INSTRUCTIONS TO FOLLOW :: Under this line is a listing; return exactly the lines starting at the one with "Es ist eine" and running down to the one with "AK Parti’ye katılması", and leave out its pictures.

EXCERPTED DATA ::
--- START ---

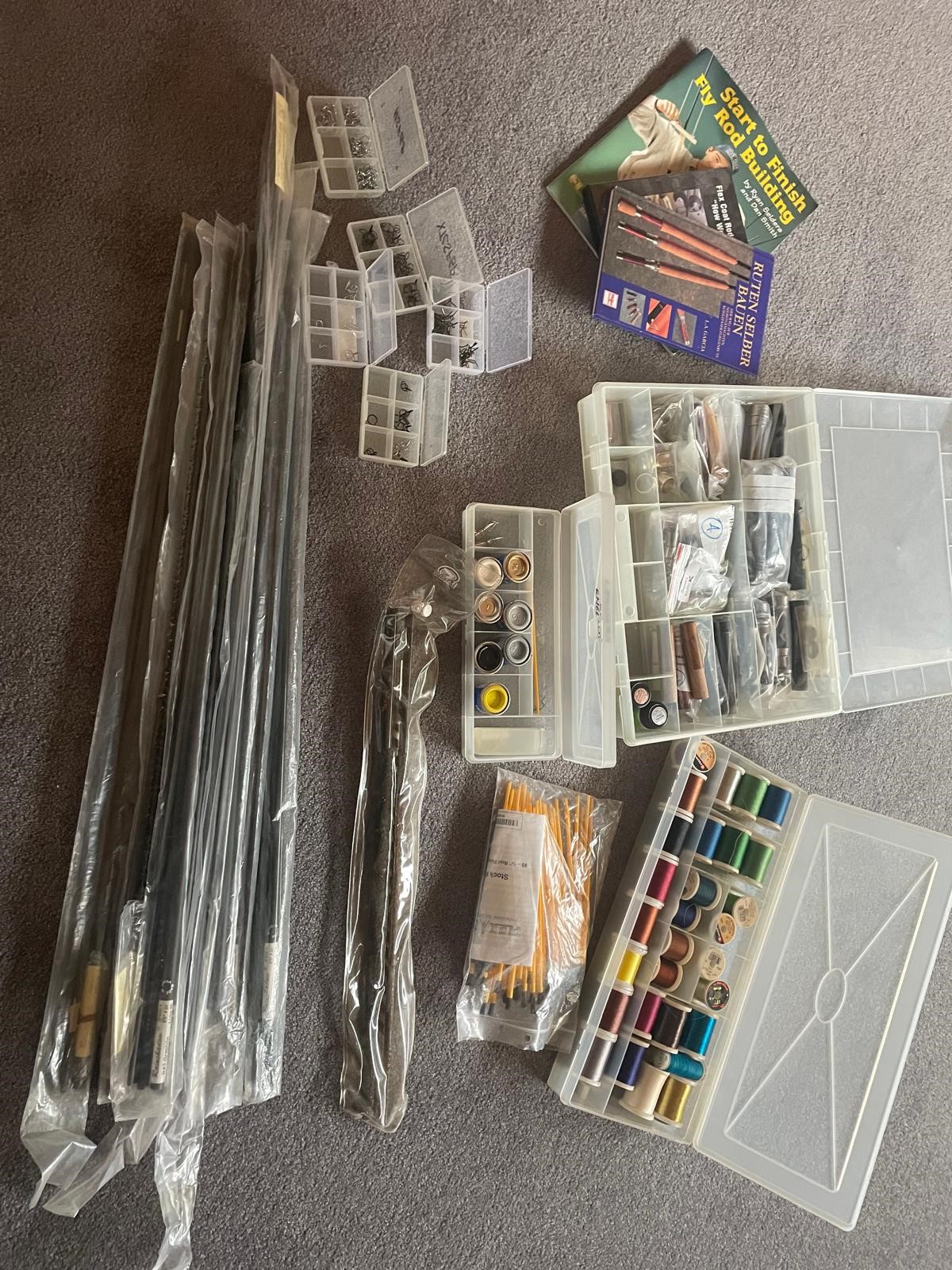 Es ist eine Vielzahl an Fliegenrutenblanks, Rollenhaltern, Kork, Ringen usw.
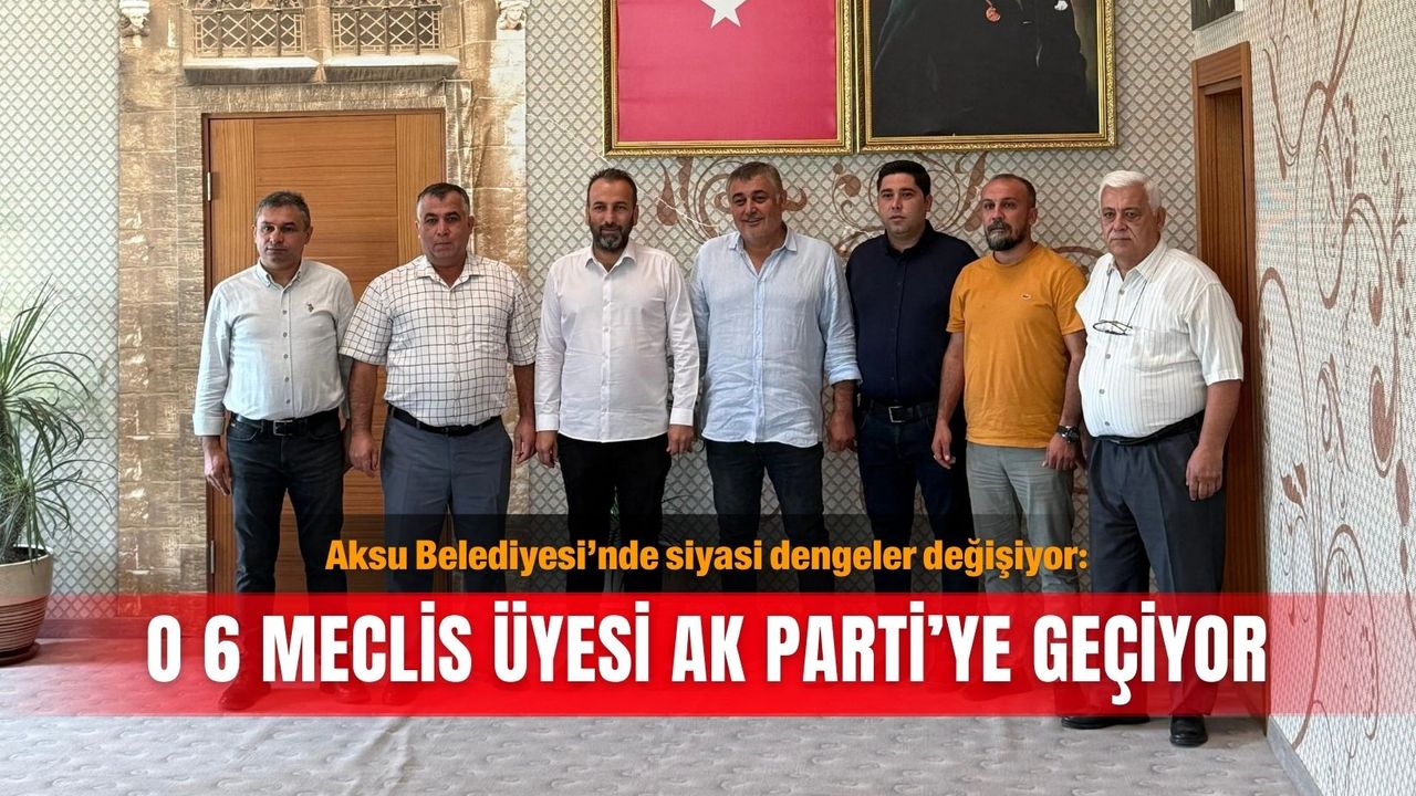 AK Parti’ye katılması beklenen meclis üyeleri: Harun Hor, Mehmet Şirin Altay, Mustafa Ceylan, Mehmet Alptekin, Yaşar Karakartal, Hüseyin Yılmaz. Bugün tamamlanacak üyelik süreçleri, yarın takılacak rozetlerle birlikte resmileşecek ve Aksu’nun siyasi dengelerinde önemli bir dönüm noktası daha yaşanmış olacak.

--- END ---
--- START ---

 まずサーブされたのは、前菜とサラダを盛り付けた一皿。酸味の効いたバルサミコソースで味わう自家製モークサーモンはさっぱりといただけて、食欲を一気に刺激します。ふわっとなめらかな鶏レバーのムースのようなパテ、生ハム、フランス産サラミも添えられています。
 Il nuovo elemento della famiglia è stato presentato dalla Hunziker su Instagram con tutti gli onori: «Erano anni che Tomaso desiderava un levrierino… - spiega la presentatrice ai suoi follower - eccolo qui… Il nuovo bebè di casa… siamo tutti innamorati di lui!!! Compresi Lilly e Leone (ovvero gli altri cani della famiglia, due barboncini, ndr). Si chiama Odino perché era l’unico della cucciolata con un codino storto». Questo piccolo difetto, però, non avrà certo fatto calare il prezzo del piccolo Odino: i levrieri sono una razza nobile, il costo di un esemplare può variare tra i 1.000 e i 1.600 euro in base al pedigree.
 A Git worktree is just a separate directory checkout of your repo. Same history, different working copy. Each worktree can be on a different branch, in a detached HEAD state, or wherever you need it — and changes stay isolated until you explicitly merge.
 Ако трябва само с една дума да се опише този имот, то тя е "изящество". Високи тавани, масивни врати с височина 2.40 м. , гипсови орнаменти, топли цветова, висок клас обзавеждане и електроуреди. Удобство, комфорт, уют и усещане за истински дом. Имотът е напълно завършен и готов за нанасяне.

--- END ---

ANSWER SPACE ::
 Es ist eine Vielzahl an Fliegenrutenblanks, Rollenhaltern, Kork, Ringen usw.
 AK Parti’ye katılması beklenen meclis üyeleri: Harun Hor, Mehmet Şirin Altay, Mustafa Ceylan, Mehmet Alptekin, Yaşar Karakartal, Hüseyin Yılmaz. Bugün tamamlanacak üyelik süreçleri, yarın takılacak rozetlerle birlikte resmileşecek ve Aksu’nun siyasi dengelerinde önemli bir dönüm noktası daha yaşanmış olacak.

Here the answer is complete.